Some people come to Greenland Style Paddling simply because you can make all the gear yourself; just like it was done a thousand years ago. You can carve the paddle, you can build the skin-on-frame (SOF) kayak, and you can even make the spray-skirt and tuilik (the head to waist suit that locks out water). A real sense of self achievement and satisfaction comes from paddling in the gear you painstakingly crafted yourself. I have personally made a couple of paddles, a wooden version of a Greenland Style kayak, a skirt, and am working on my tuilik. It is a great feeling of accomplishment every time I show them off, and every time I paddle in them too.
Those traditional paddlers must have really been in shape to be able to do all that they are reputed to have done. Not only the paddling, but also the many variations on the kayak roll that was perfected, and even the off-water workouts they went through as training. There is a Greenland Style conditioning technique called Qajaasaarneq or more commonly Greenland Ropes that really helps one get in shape for paddling when not on the water. This technique builds strength, endurance, and technique; all focused towards the style of Greenland Paddling. I have merely begun to practice it, but I encourage you to try it with me sometime. I’ll bring it to SK102. Then there are the balance boards (sometimes called stools) which can help you craft your balance in a kayak. And traditionally these were designed for children to learn skills before they even got into a kayak for the first time.
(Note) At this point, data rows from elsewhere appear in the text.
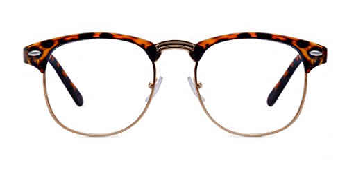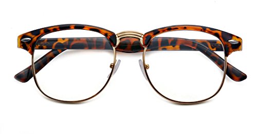 Classic horn rimmed half frame that features clear lenses for a sharp sophisticated look. An iconic frame that will have you looking fashionable in any situation. Frame is made with tortoise shell acetate brow and arms, metal wire lens lining and metal nose bridge. Also made with metal hinges, English style nose pieces and clear UV protected lensesFeature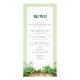O cardápio de casamento para um casamento de primavera é lindamente desenhado com um toque de estilo de vintage. O cartão mostra uma combinação de belos verdes e listras, criando um olhar encantador e elegante. A parte inferior da carta apresenta um pedaço de madeira adornado com um verde delicado, acrescentando um toque natural e refrescante. Para melhorar a design global, uma fronteira de faixas verdes pálidas rodeia o cartão, dando-lhe um apelo sutil e sofisticado. Este cardápio é perfeito para casais que querem incorporar uma estética clássica, mas nova, em suas comemorações de casamento.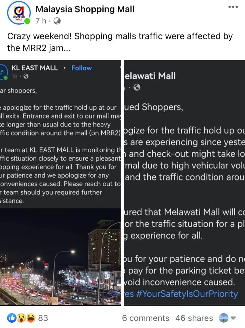 A shopping mall named KL East Mall posted an official apology message on Facebook in response to the major traffic delay that happened at MRR2 and caused annoyance to its customers.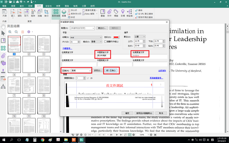 ▼頁首/頁尾設定畫頁。固定頁首的文字標題【長文件測試】、加入頁碼則使用巨集插入右側頁首文字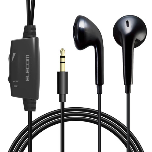 【即納】エレコムテレビ用イヤホンモノラルカナル型3.5mmミニプラグ音量コントローラー3mブラック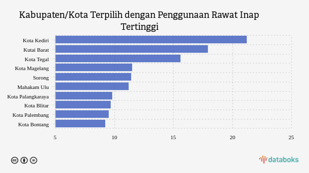 Penggunaan rawat inap lima kabupaten/kota teratas dengan angka lebih dari 11,45 pasien per 100 ribu penduduk/minggu, yaitu kota Kediri, Kutai Barat, kota Tegal, kota Magelang dan Sorong dengan masing-masing nilai 21,17 pasien per 100 ribu penduduk/minggu, 17,9 pasien per 100 ribu penduduk/minggu, 15,59 pasien per 100 ribu penduduk/minggu, 11,48 pasien per 100 ribu penduduk/minggu dan 11,45 pasien per 100 ribu penduduk/minggu.

To me the ultimate draw and the ultimate challenge to Greenland Style Paddling is the art of the kayak roll. No culture took the fact that a kayak could be rolled to such a pinnacle of success as did the peoples of West Greenland. They explained that a kayaker needed to be able to accomplish the righting of their craft in any condition with (or often without) any item in their hands, be it the paddle, a harpoon, a hunting knife, or a peanut butter and jelly sandwich (well maybe that is an exaggeration). But it is this striving towards ultimate control in the sport that makes it so much of an exhilarating draw. Not so much a physical challenge as a mental one. You ask yourself every time you go out to practice your technique, what can I do a little differently today that will help me do just one more type of roll?
Now agreeable, all of the things I mentioned above are not for every paddler out on the water, but I must say that Greenland Style Paddling is infecting more and more people. Whether it is a gentler paddle, the chance to learn about the history of the sport, the chance to build your own gear, or the sheer fact of the challenge – there is so much to this Greenland Style of Paddling. If you have not tasted this style yet, I hope that I might have tempted you. The next time that you are paddling at one of the Piracies and someone paddles up next to you with a Greenland Style Paddle, just look at it longingly, and the owner will undoubtedly say “Do you want to try it?” Just beware that I told you it was infectious…..very, very infectious!
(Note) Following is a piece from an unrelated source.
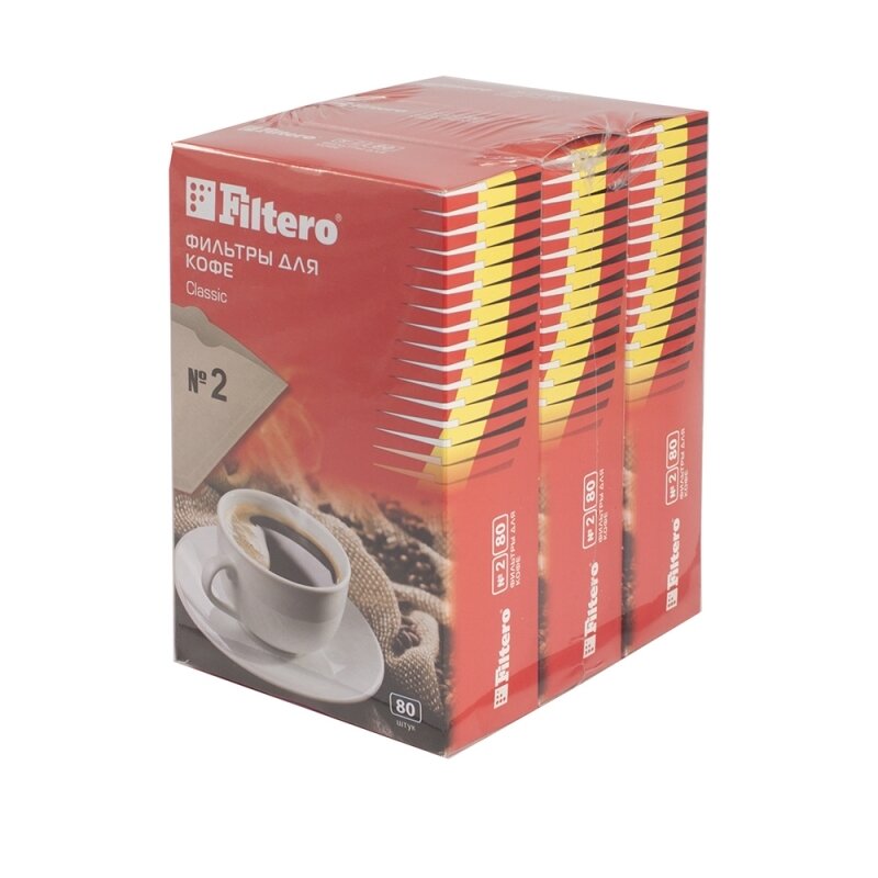 Комплект фильтров для кофе, кофеварки и кофемашин Filtero Classic №2, 80штук, неотбеленные

The CPA is not a Greenland Style Paddling Club, but every year more and more of its members show signs of this style in their paddling. You can find examples of this at the yearly Greenland Paddle Making Workshop, SK101, SK102, the new hopeful Greenland Style Event being planned for this summer, and even at your local Piracy. If you want even more information, I encourage you to look into one of our sister clubs, Qajaq USA.